I always thought I’d have two kids. There’s something about only having one that seems lonely, and when you get to three…well, the kids start to outnumber the parents and that seems like more than I could handle.
[Before going any further, I would like to pause and address my mother and assure you that we have in no way made a decision to not give you any more grandchildren. Thank you everyone else for your patience.]
Two children seemed to make sense, and feel right. There really wasn’t a question of “if” we would expand our family, but rather “when.” And, sometimes, the “when” feels like “now.” Mostly within the context of, “If we just have another baby right now then we could get rid of all the boxes of maternity clothes & baby stuff in the shed.”
Recently, however, I’ve been having fleeting thoughts that make me think twice. Things just seem so…easy. I get a full nights’ rest, I don’t feel pulled in lots of directions, I can give my son all the attention I have, and we can easily provide for both today & tomorrow for our family. Plus, we have so much FUN! I love that he can talk to me, follow directions, and that I have the time & energy to teach him new things and watch him learn. We can go places with minimal effort. Life is full of laughs when I’m with my family. Life feels happy. Life feels normal.

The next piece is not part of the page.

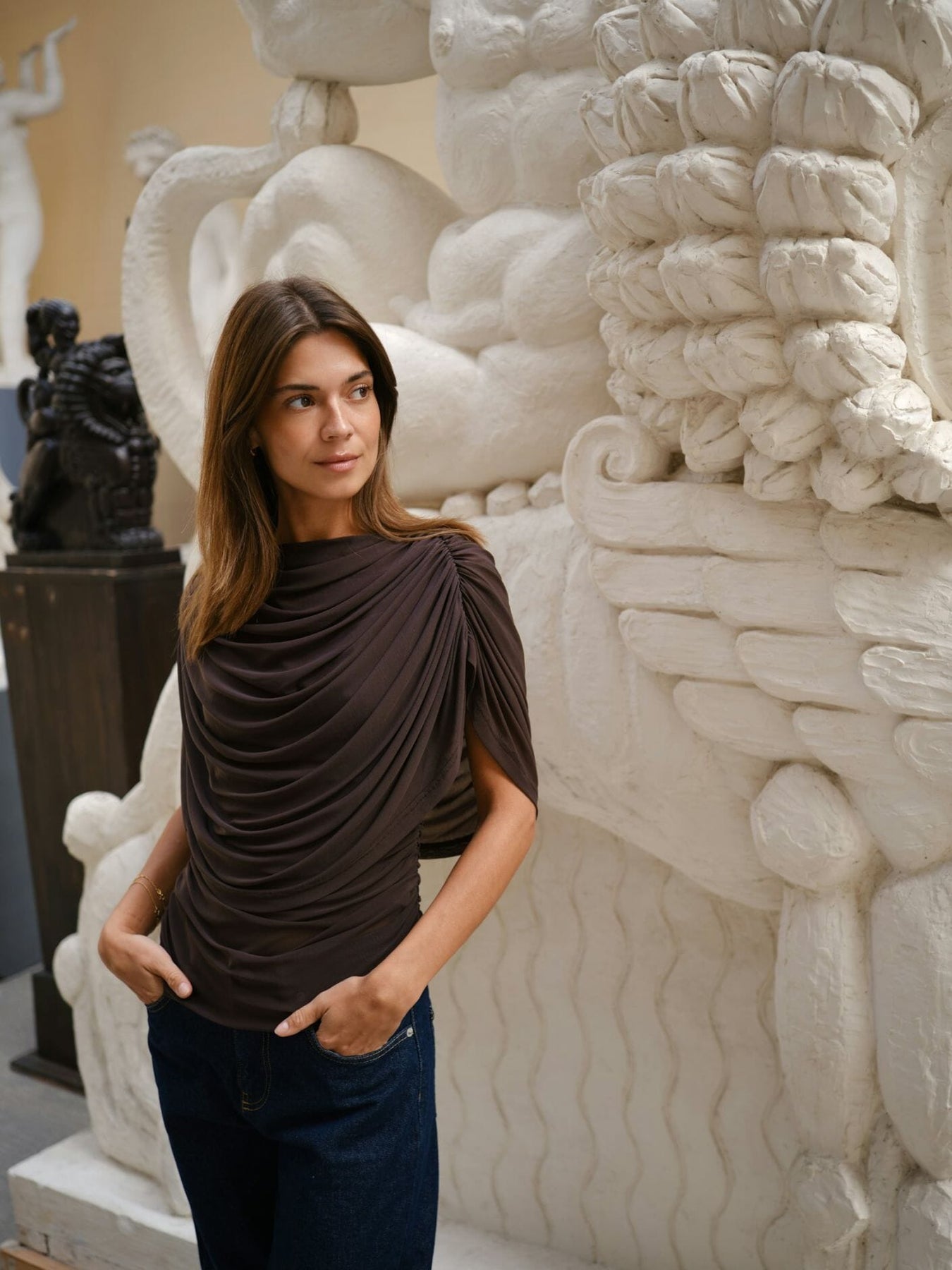 Brązowy top z siateczki od Neo Noir z drapowanym designem. Top ma przezroczysty materiał z detalami marszczenia wzdłuż szwu bocznego i drapowaniem z przodu.
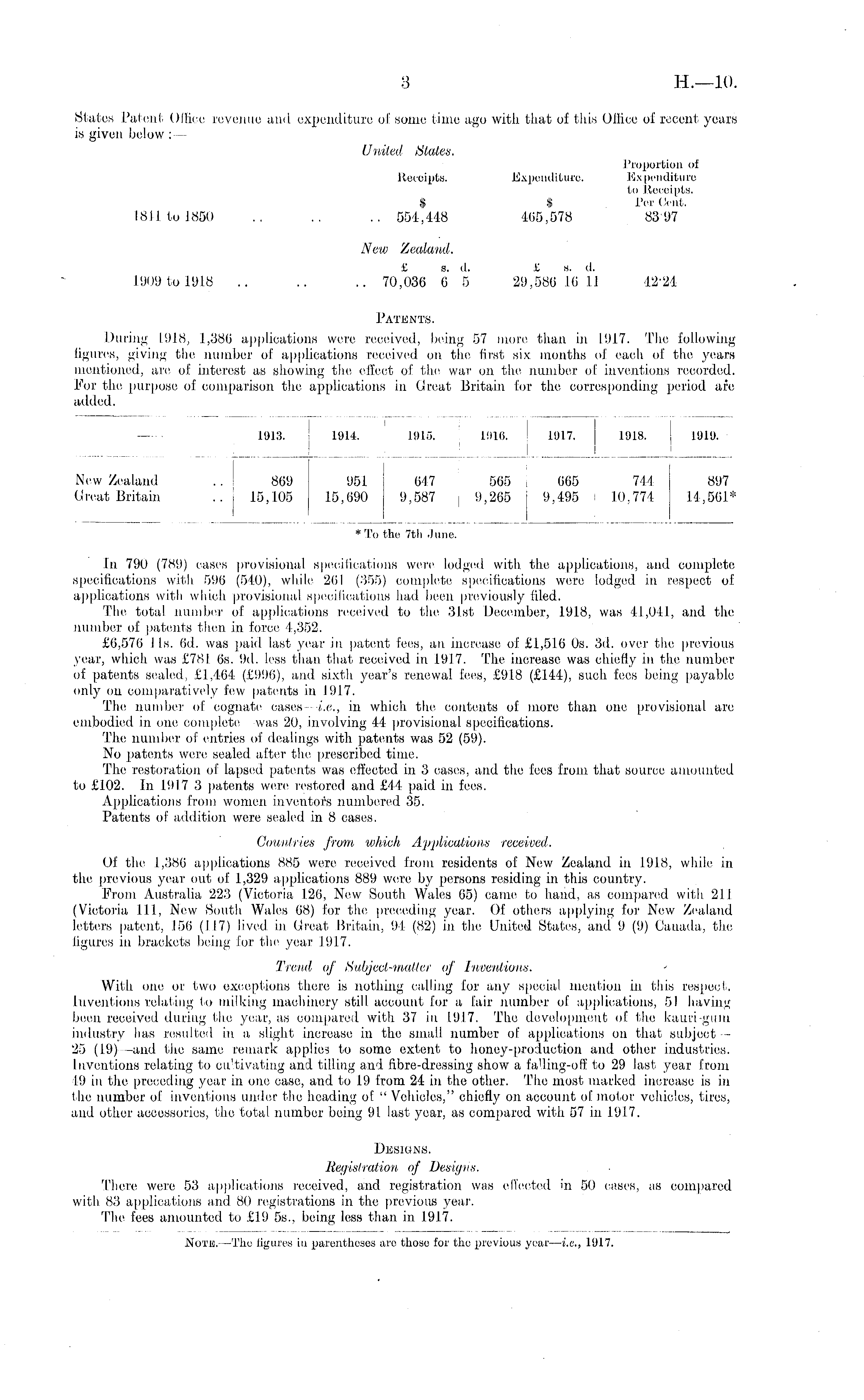 In 790 (789) cases provisional specifications were lodged with the applications, and complete specifications with 596 (540), while 261 (355) complete specifications were lodged in respect of applications with which provisional specifications bad been previously filed. The total number of applications received to the 31st December, 1918, was 11,011, and the number of patents then in force 1,352. £6,576 1 Is. (id. was paid last year in patent fees, an increase of £L,516 os. 3d. over the previous year, which was £781 6s. 9d. less than that received in 1917. The increase was chiefly in the number of patents sealed, £1,464 (£996), and sixth year's renewal fees, £918 (£14:4), such fees being payable only on comparatively few patents in 1917. The number of cognate cases i.e., in which the contents of more than one provisional are embodied in one complete was 20, involving 44 provisional specifications. The number of entries of dealings with patents was 52 (59). No patents were, sealed alter the prescribed time. The restoration of lapsed patents was effected in 3 cases, and the fees from that source, amounted to £102. In 1917 3 patents were restored and £44 paid in fees. Applications from women inventors numbered 35. Patents of addition were sealed in 8 cases. Countries from which Applications received. Of the 1,386 applications 885 were received from residents of New Zealand in 1918, while in the previous year out of 1,329 applications 889 were by persons residing in this country. From Australia 223 (Victoria 126, New South Wales 65) came to hand, a.s compared with 211 (Victoria 111, New South Wales 68) for the preceding year. Of others applying for New Zealand letters patent, .156 (117) lived in Great Britain, 91 (82) in the United States, and 9 (9) Canada,, the. figures in brackets being for the year 1917. Trend of Subject-matter of Inventions. With one or two exceptions there is nothing calling for any special mention hi this respect. Inventions relating to milking machinery still account for a fair number of applications, 51 having been received during the year, as compared with 37 in 1917. The development of the kauri gum industry has resulted in a, slight increase in the small number of applications on that subject — 25 (19) —tind the same remark applies to some extent to honey-production and other industries. Inventions relating to cultivating and tilling and fibre-dressing show a falling-off to 29 last year from 19 in the preceding year in one case, and to 19 from 24 in the other. The most marked increase is in the number of inventions under the heading of " Vehicles," chiefly on account of motor vehicles, fires, and other accessories, the total number being 91. last year, as compared with 57 in 1917. Designs. Registration of Designs. There were 53 applications received, and registration was effected in 50 oases, as compared with 83 applications and 80 registrations in the previous year. The, fees amounted to £19 55., being less than in 1917.

I can’t help but think of how that would change with another one. But, there are still those thoughts that our family isn’t complete without four. I see pregnant women touch their bellies, and I think of my own little one kicking softly. I watch videos of our sweet little Conlan as a baby, and I want that again. I think we are good parents, and have a lot to offer another child. It seems like there are a lot of “maybe’s” floating around in my mind.

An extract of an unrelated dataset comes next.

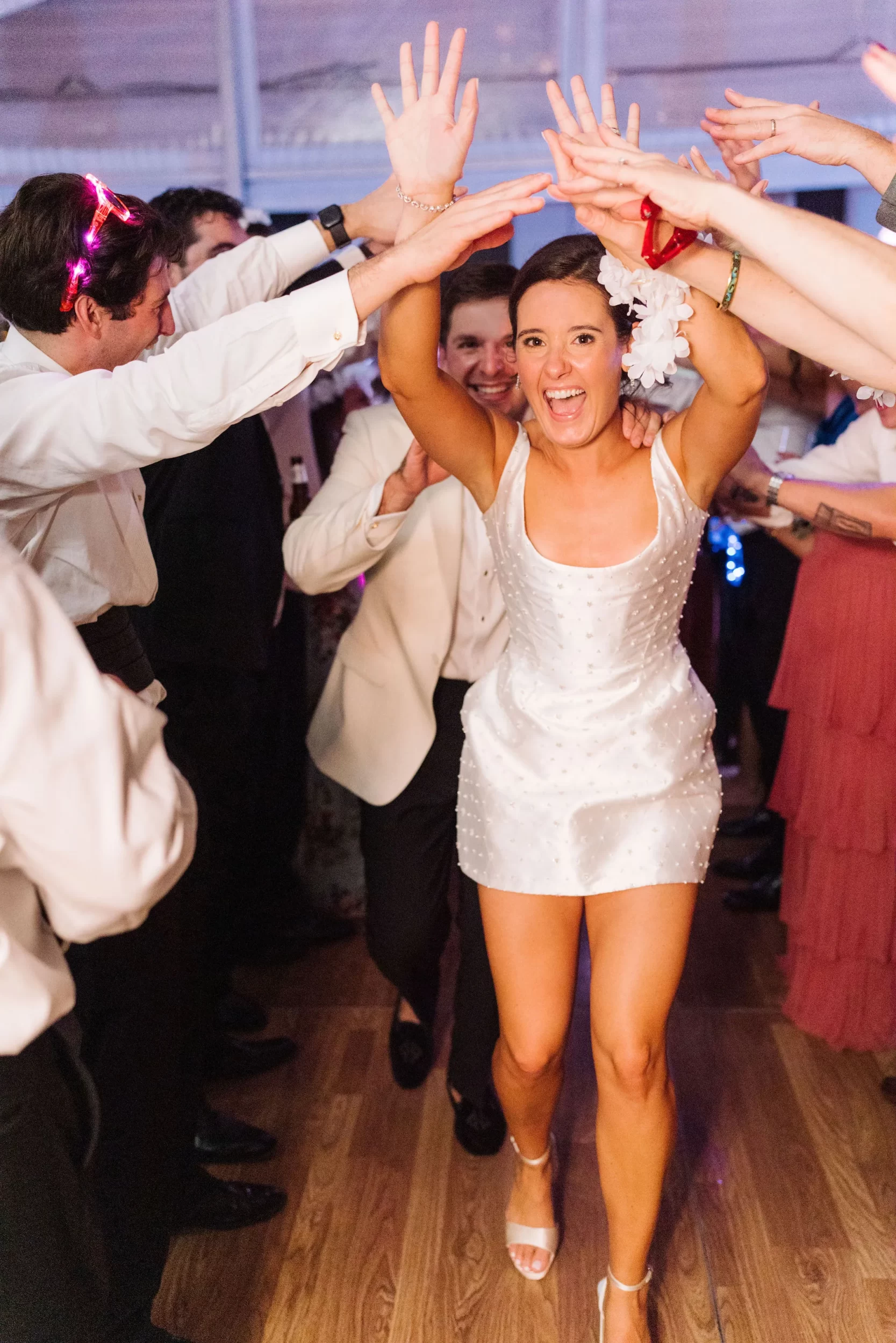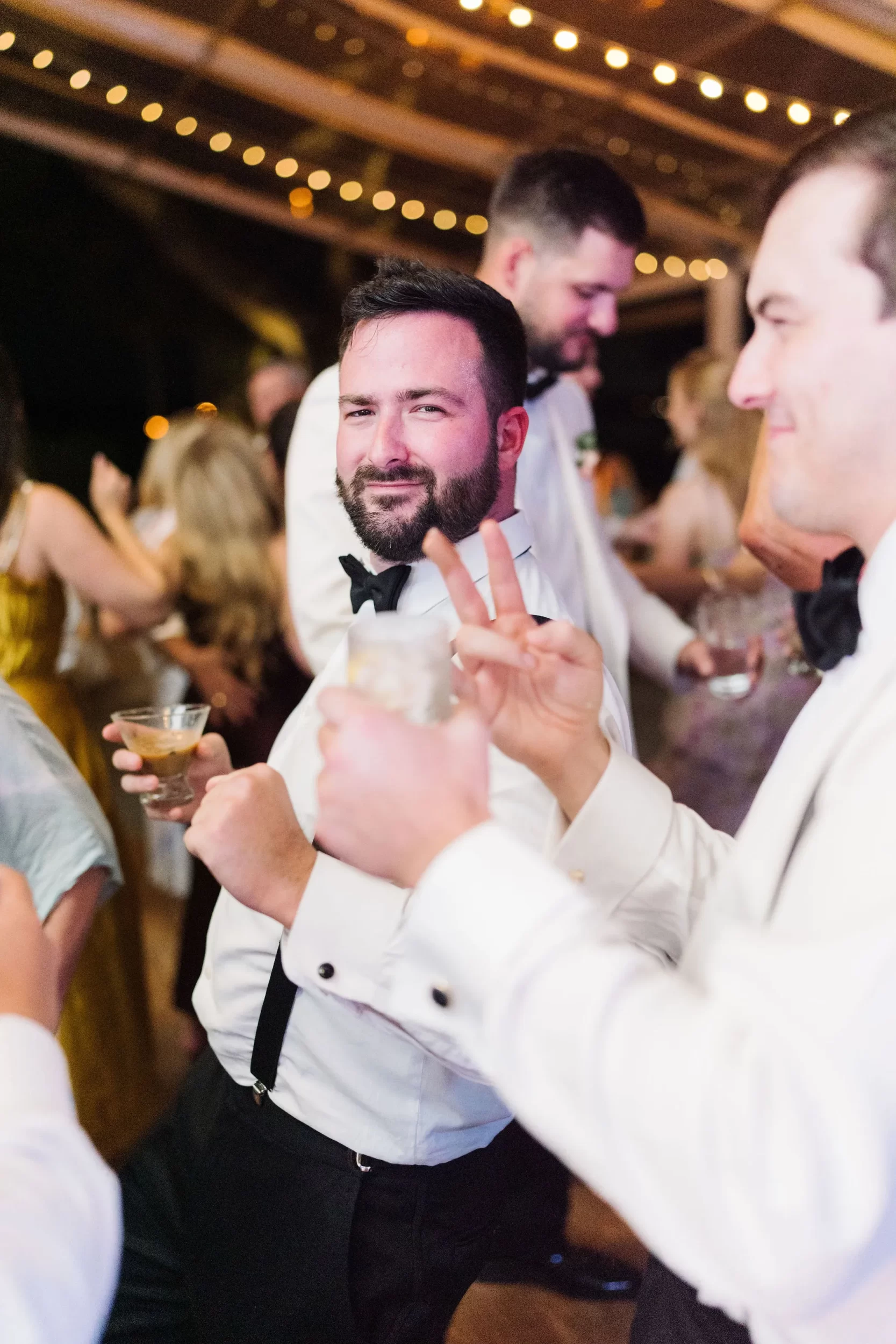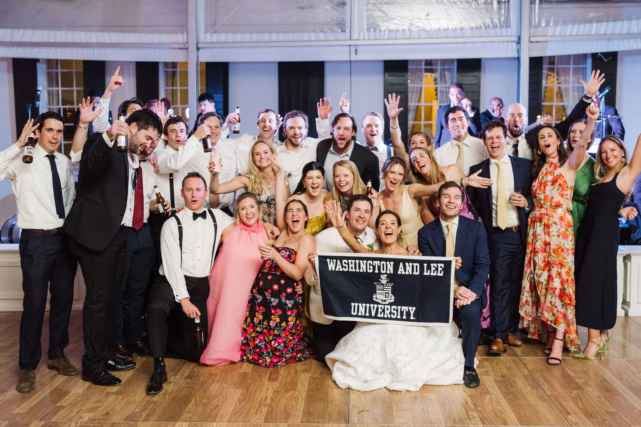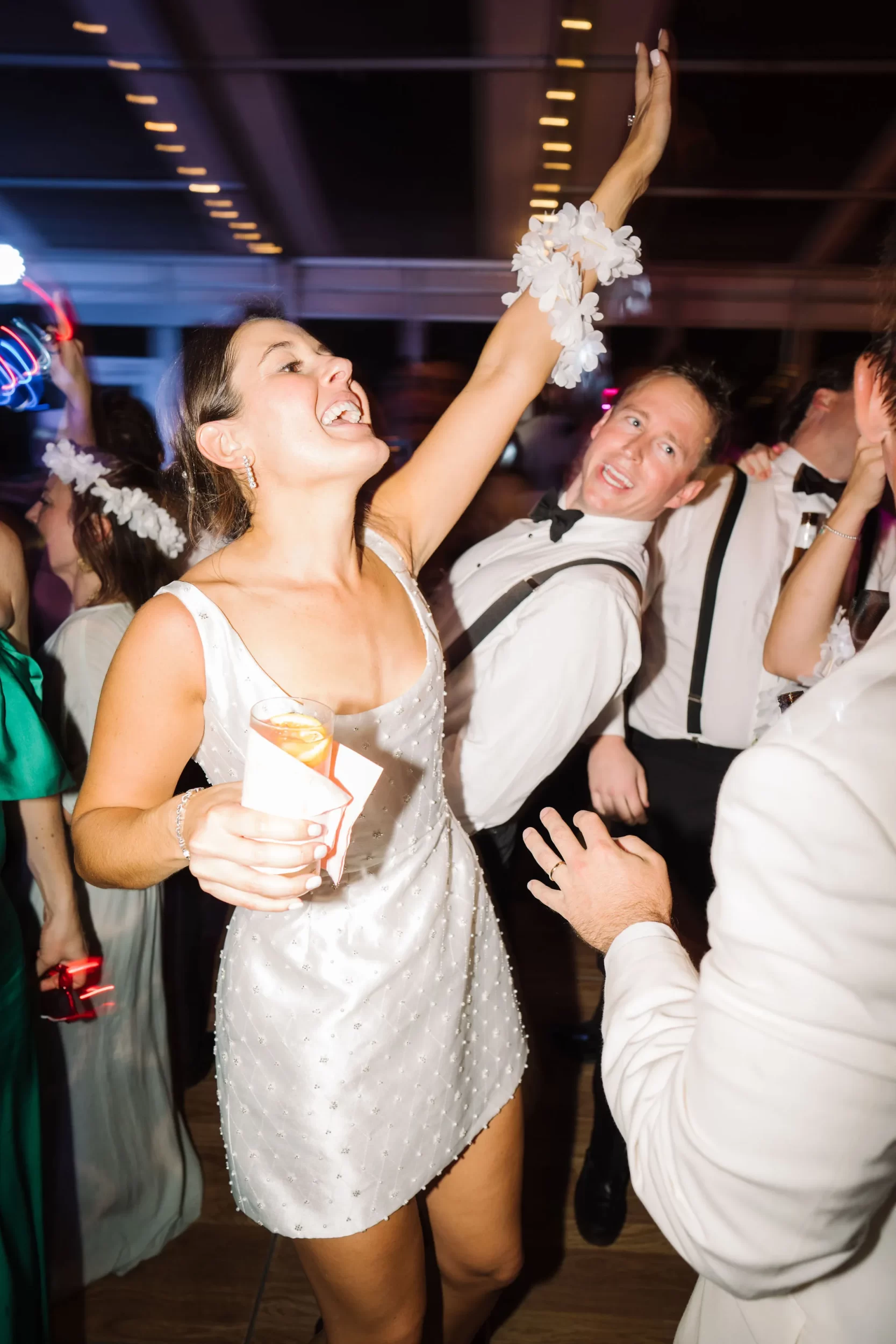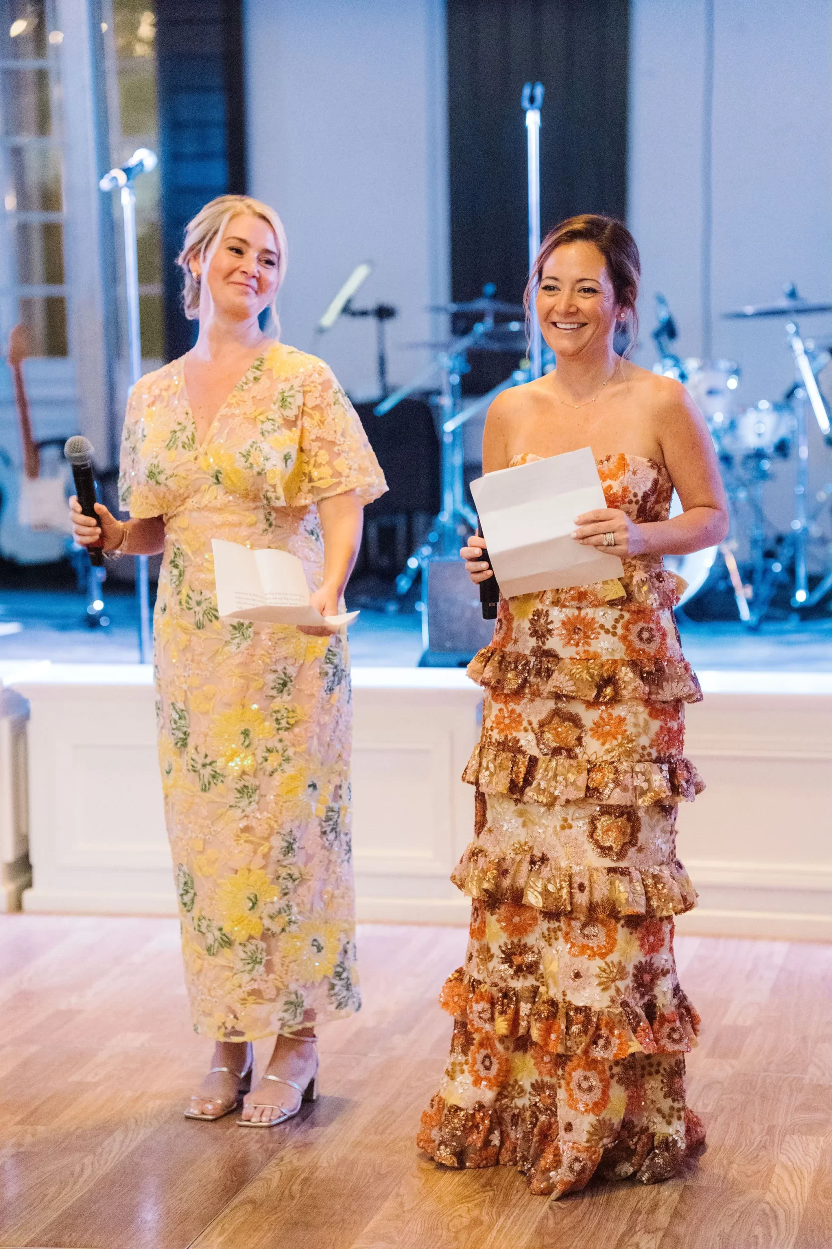 The reception was bursting with color and energy!! … A perfect reflection of Maggie & Evan! Long tables were draped with elegant linens, bold florals, and glowing candlelight. Guests danced under the open sky, laughed over champagne toasts, and soaked up every second of the night!

Maybe we’re meant to be a family of three.
Maybe I’ll regret not having another baby.
Maybe I won’t be a good mom to two kids.
Maybe Conlan would be a fantastic big brother.
Maybe he won’t.
Maybe I won’t be able to enjoy motherhood as much.
Maybe I’ll enjoy it more.
Maybe I’d be pushed beyond my limits.
Maybe we’d struggle financially.
Maybe I am underestimating myself.
Maybe things wouldn’t be as different as I imagine they would be.

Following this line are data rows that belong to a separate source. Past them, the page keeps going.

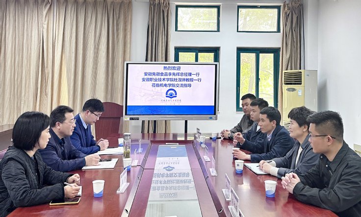 本网讯 3月31日下午,安徽先徽食品有限公司董事长李先辉先生,会同安徽职业技术学院现代商务学院院长杜淑琳教授一行到访机电学院开展调研交流。院党委书记叶少宝主持会议,副院长陈中、工业设计系主任刘牛及工业设计系教师参加座谈。
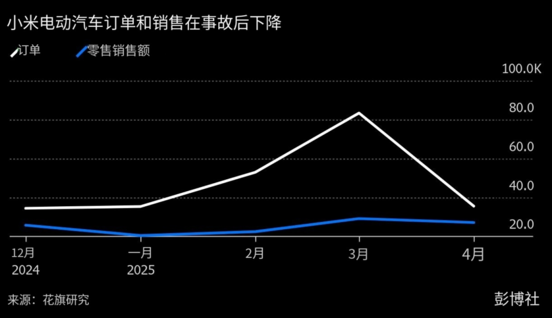 据外媒报道,自今年年初以来,小米SU7的订单从2月的5.3万辆增长到3月的8.34万辆后,累计订单开始增速缓慢。尤其是3月底高速事故发生后,小米汽车销量急剧下降,零售销量从3月的2.92万辆下降到一个月后的2.72万辆。
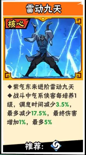 气系5个三阶功法中,如果少侠用的是气系主c,那么很推荐选择三阶核心【雷动九天】,疾风阵容强烈推荐三阶【云梦决】【小无相功】【主c核心】减调息搭配使用。少侠也可以通过带相关侠客、玉佩,堆攻击概率不消耗次数。
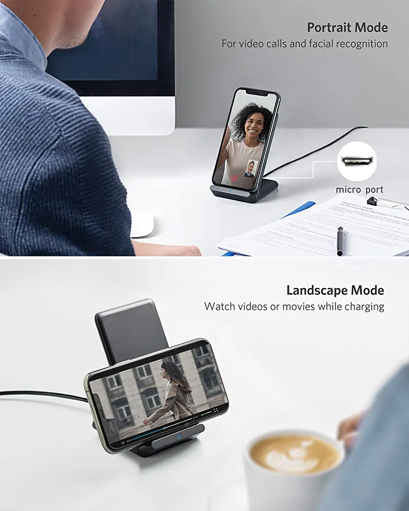 The PowerWave stand simplifies charging for your Qi-enabled device. Just place your phone on the stand and let it do the work. The charging modes automatically adjust to your device’s power needs, providing optimized charging for iPhones, Samsung Galaxies, and other Qi-enabled devices. With our MultiProtect safety system, you can trust that your device is protected from foreign objects, short circuits, and temperature issues. The stand allows for horizontal viewing while charging, or switch to vertical charging for messaging and facial recognition. Enjoy the convenience of wireless charging with total peace of mind.

Maybe other moms with more than one kiddo are laughing at me right now and think this is ridiculous.
Maybe you can’t really know for certain until you’re there.
Instead of wrestling with them, I have decided to take time out. To stop obsessing, planning, and making decisions. I am taking the time to honor those “maybe’s.” I want to find out if they are stirring in my soul because God put them there, or out of my own selfishness.
If we decide not to have another baby just because we imagine life would be more difficult, but the voice is not from God, it would be selfish.
If we decide to have another baby only because we “want” one, but the desire is not from God, that too is selfish.
I will be at peace, pray, and honor each of my thoughts. God will show me which He has placed in me, and which come from a place of fear and selfishness. Until then, we’ll just enjoy the family we have been given. For today, our family is complete.